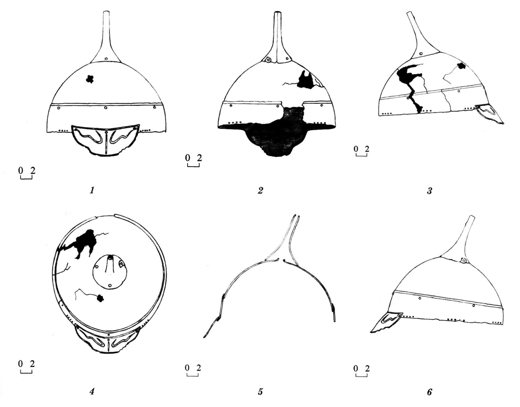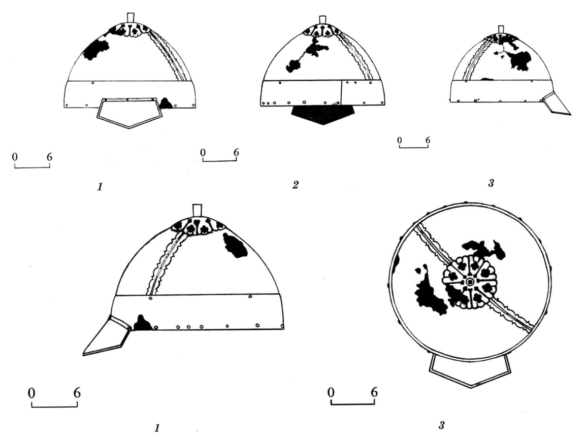 | Рис. 1. Шлемы «цзиньского типа», найденные на Краснояровском городище, Приморье. (по: Артемьева Н.Г. 1999) | Рис. 2. Шлем найденный в предгорьях Алатау, в округе с. Мерке Меркенского района Жамбылской области, Республика Казахстан. (по: Смагу лов Е.А. 1989) | Рис. 3. Шлем из несанкционированных раскопок на городище Козьи скалы, горы Бештау, Ставропольский край. 1 - Вид спереди; 2 - Вид сзади; 3 - Вид справа; 4 - Вид слева; 5 - Вид сверху; 6 - Схема сборки |
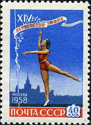تمبر یادبود قهرمانی ژیمناستیک هنری جهان ۱۹۵۸ شوروی
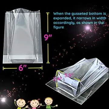 PigPotParty 6"x 9", 100Pcs Bottom Gusset Bags, Clear Plastic Cellophane Treat Goodie Bags with Ties for Party Favor, Candy, Cookie, Popcorn, Small Gift Wrapping (No Side Gusset)

▸ **Work order**
Output the listing above in full, exactly. No images.

▸ **Result of the exercise**
 | Рис. 1. Шлемы «цзиньского типа», найденные на Краснояровском городище, Приморье. (по: Артемьева Н.Г. 1999) | Рис. 2. Шлем найденный в предгорьях Алатау, в округе с. Мерке Меркенского района Жамбылской области, Республика Казахстан. (по: Смагу лов Е.А. 1989) | Рис. 3. Шлем из несанкционированных раскопок на городище Козьи скалы, горы Бештау, Ставропольский край. 1 - Вид спереди; 2 - Вид сзади; 3 - Вид справа; 4 - Вид слева; 5 - Вид сверху; 6 - Схема сборки |
تمبر یادبود قهرمانی ژیمناستیک هنری جهان ۱۹۵۸ شوروی
 PigPotParty 6"x 9", 100Pcs Bottom Gusset Bags, Clear Plastic Cellophane Treat Goodie Bags with Ties for Party Favor, Candy, Cookie, Popcorn, Small Gift Wrapping (No Side Gusset)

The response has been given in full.